--- What the task asks ---
Retype the listing exactly. Leave out the images.
━━ Data segment ━━
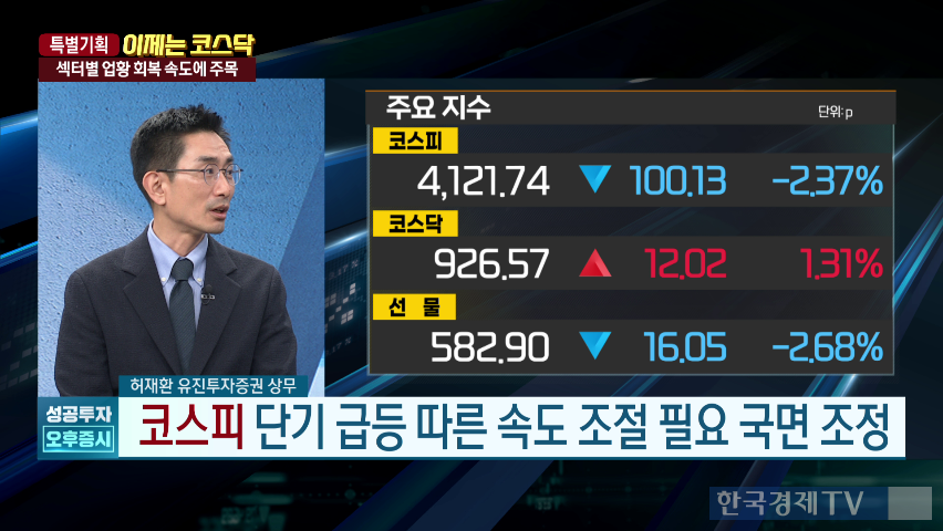 ● "코스피 자연스런 조정, 완만한 상승 전망...저평가주 관심 필요" [내일 전략] 코스피는 최근 급격한 상승 후 조정 국면에 접어들며 하락 마감했으나, 코스닥 중소형주는 바이오 및 소재·부품·장비(SV) 중심으로 강세를 보였습니다. 전문가들은 코스피가 연초 이후 70% 넘게 상승하면서 외국인 투자자들의 차익 실현 압력이 커지고 있으며, 이러한 조정은 자연스러운 현상이라고 평가했습니다.
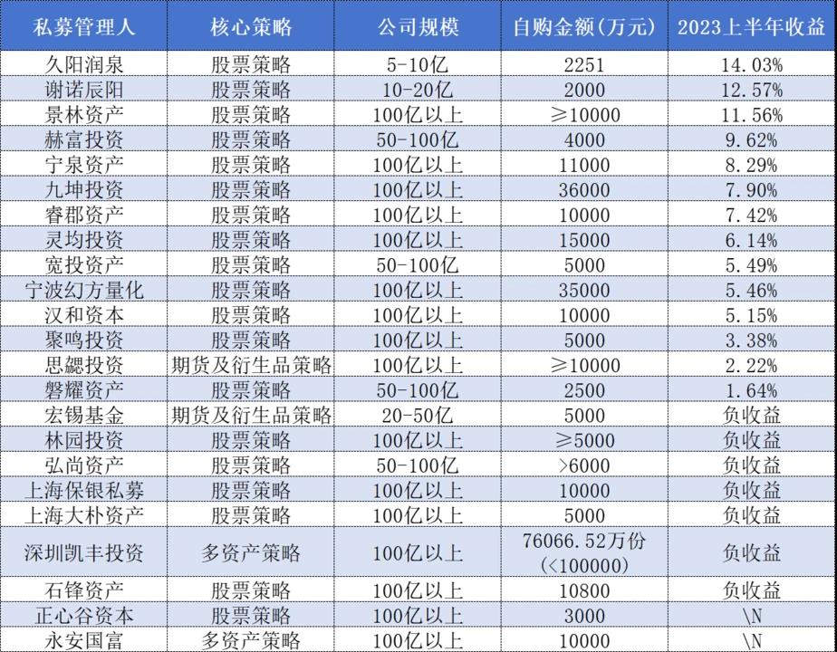 表格:2022年宣布自购的23家私募今年上半年的业绩表现情况
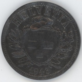 Suisse / Schweiz 2 Centimes 1943 (ss) Zn
━━━
--- Answer ---
 ● "코스피 자연스런 조정, 완만한 상승 전망...저평가주 관심 필요" [내일 전략] 코스피는 최근 급격한 상승 후 조정 국면에 접어들며 하락 마감했으나, 코스닥 중소형주는 바이오 및 소재·부품·장비(SV) 중심으로 강세를 보였습니다. 전문가들은 코스피가 연초 이후 70% 넘게 상승하면서 외국인 투자자들의 차익 실현 압력이 커지고 있으며, 이러한 조정은 자연스러운 현상이라고 평가했습니다.
 表格:2022年宣布自购的23家私募今年上半年的业绩表现情况
 Suisse / Schweiz 2 Centimes 1943 (ss) Zn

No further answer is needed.